*Task objective*
Repeat all of the data below word for word, keeping no images.

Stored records
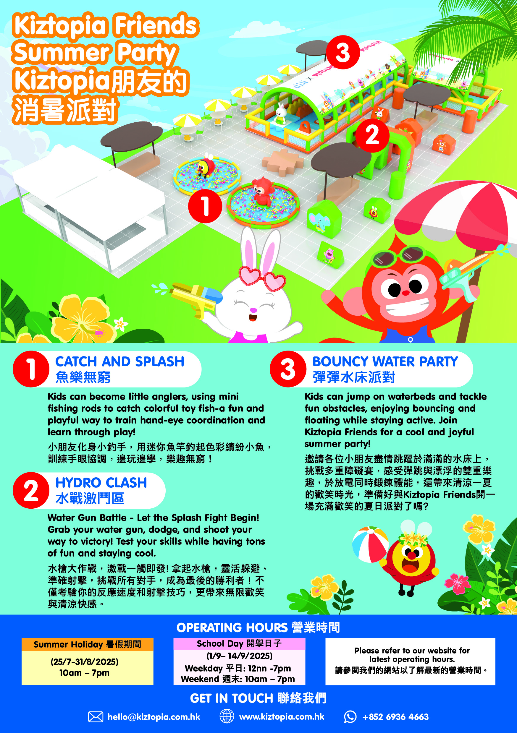This summer, Kiztopia Friends bring you the ultimate Summer Bounce Party! Spanning over 5,000 sq.ft., it's our first -ever inflatable playground with water elements! Bounce and float on our mega waterbed and strike pose at this summer's coolest "lightweight kungfu" photo spot. With three zones for both wet and dry fun, join us and make unforgettable summer memories!
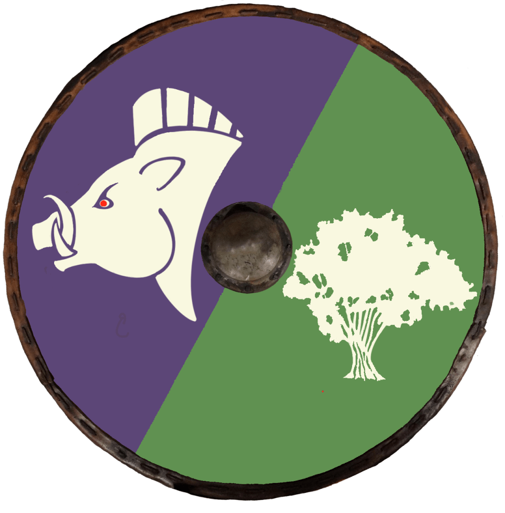 So for Hild (and now Menewood) I decided that some (though not all) forces would paint their shields with their leader’s tribal totem, while others would have individually-painted shields but fight under common banners. And still others might do both.3 I didn’t get too systematic in the first book, beyond deciding roughly what colour/shape kingdoms such as Deira and Lindsey and Gwynedd might choose (brown bull, purple boar, and red dragon, respectively). Menewood, though, centres on war and its consequences; I needed to get specific.
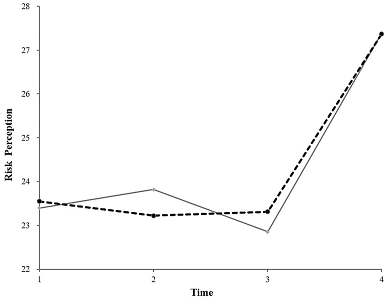 该研究实施了一项为期十个月(2022年3月至2023年1月)的四波纵向追踪调查(背景见图1)。采用随机系数建模(random coefficient modeling)方法,检验了风险感知的动态变化趋势及其与个人文化取向随时间推移的关系。结果表明,风险感知的变化轨迹更趋近于二次曲线模型,即从严格疫情封控措施到逐步放宽,直至最终完全解除管控措施,风险感知水平总体呈上升趋势,并伴有小幅波动(如图2所示)。此外,无论集体主义还是个体主义倾向较强的个体,其风险感知变化速率均较快。这表明,集体主义倾向较高的个体可能更担忧疫情期间他人身心健康的变化,倾向于从家人、朋友和社交圈收集更多风险信息,从而保持对疫情风险变化的高度敏感;而个体主义倾向较高的个体则可能将疫情视为个人健康的威胁因素,密切监测环境中的风险变化,导致其风险感知变化更为迅速。简言之,个体的文化取向差异影响他们在疫情不同阶段对风险环境变化觉察与反应的敏感度。研究结果有助于阐明新冠疫情对公众风险感知的长期效应,为不同文化取向个体在面对大规模公共风险时的感知变化提供实证依据,对秉持“居安思危”理念以及结合人格差异精准应对未来风险具有重要现实意义。
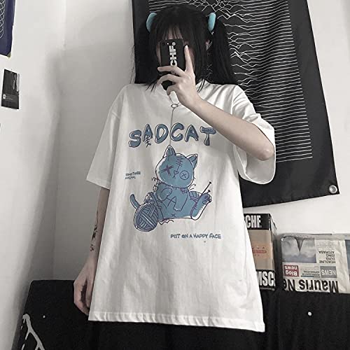 HOT ! Women's Goth T-Shirt Summer Graphic Harajuku Gothic Creepy Cat Print Novelty Short Sleeve Top
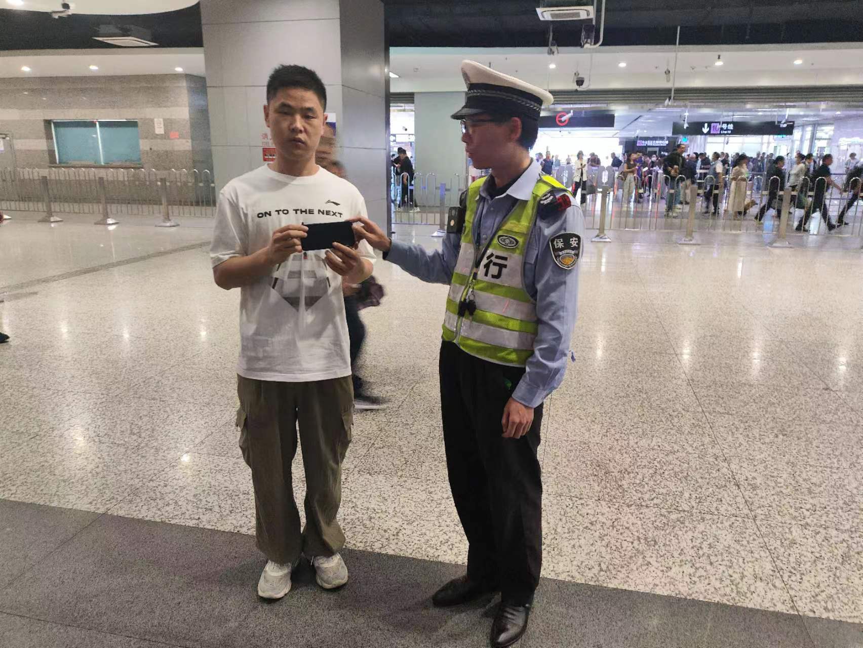 6月6日9:45,宗保公司駐閔行區(qū)交通委項目員工鄭靖在閔行虹橋客運西站執(zhí)勤時,撿到一部榮耀手機,報告班組長后便在原地執(zhí)勤等待。過了一會,一位自稱是失主的男子打來電話,語氣顯得十分焦急。鄭靖細聽男子所述后,就與男子約定了碰面地點。12:00左右,一男子趕到現(xiàn)場領(lǐng)取手機,鄭靖確認了其相關(guān)信息,隨即將手機交還給了他。男子非常高興,激動地連連向宗保員工致謝。

*Solved exercise*
This summer, Kiztopia Friends bring you the ultimate Summer Bounce Party! Spanning over 5,000 sq.ft., it's our first -ever inflatable playground with water elements! Bounce and float on our mega waterbed and strike pose at this summer's coolest "lightweight kungfu" photo spot. With three zones for both wet and dry fun, join us and make unforgettable summer memories!
 So for Hild (and now Menewood) I decided that some (though not all) forces would paint their shields with their leader’s tribal totem, while others would have individually-painted shields but fight under common banners. And still others might do both.3 I didn’t get too systematic in the first book, beyond deciding roughly what colour/shape kingdoms such as Deira and Lindsey and Gwynedd might choose (brown bull, purple boar, and red dragon, respectively). Menewood, though, centres on war and its consequences; I needed to get specific.
 该研究实施了一项为期十个月(2022年3月至2023年1月)的四波纵向追踪调查(背景见图1)。采用随机系数建模(random coefficient modeling)方法,检验了风险感知的动态变化趋势及其与个人文化取向随时间推移的关系。结果表明,风险感知的变化轨迹更趋近于二次曲线模型,即从严格疫情封控措施到逐步放宽,直至最终完全解除管控措施,风险感知水平总体呈上升趋势,并伴有小幅波动(如图2所示)。此外,无论集体主义还是个体主义倾向较强的个体,其风险感知变化速率均较快。这表明,集体主义倾向较高的个体可能更担忧疫情期间他人身心健康的变化,倾向于从家人、朋友和社交圈收集更多风险信息,从而保持对疫情风险变化的高度敏感;而个体主义倾向较高的个体则可能将疫情视为个人健康的威胁因素,密切监测环境中的风险变化,导致其风险感知变化更为迅速。简言之,个体的文化取向差异影响他们在疫情不同阶段对风险环境变化觉察与反应的敏感度。研究结果有助于阐明新冠疫情对公众风险感知的长期效应,为不同文化取向个体在面对大规模公共风险时的感知变化提供实证依据,对秉持“居安思危”理念以及结合人格差异精准应对未来风险具有重要现实意义。
 HOT ! Women's Goth T-Shirt Summer Graphic Harajuku Gothic Creepy Cat Print Novelty Short Sleeve Top
 6月6日9:45,宗保公司駐閔行區(qū)交通委項目員工鄭靖在閔行虹橋客運西站執(zhí)勤時,撿到一部榮耀手機,報告班組長后便在原地執(zhí)勤等待。過了一會,一位自稱是失主的男子打來電話,語氣顯得十分焦急。鄭靖細聽男子所述后,就與男子約定了碰面地點。12:00左右,一男子趕到現(xiàn)場領(lǐng)取手機,鄭靖確認了其相關(guān)信息,隨即將手機交還給了他。男子非常高興,激動地連連向宗保員工致謝。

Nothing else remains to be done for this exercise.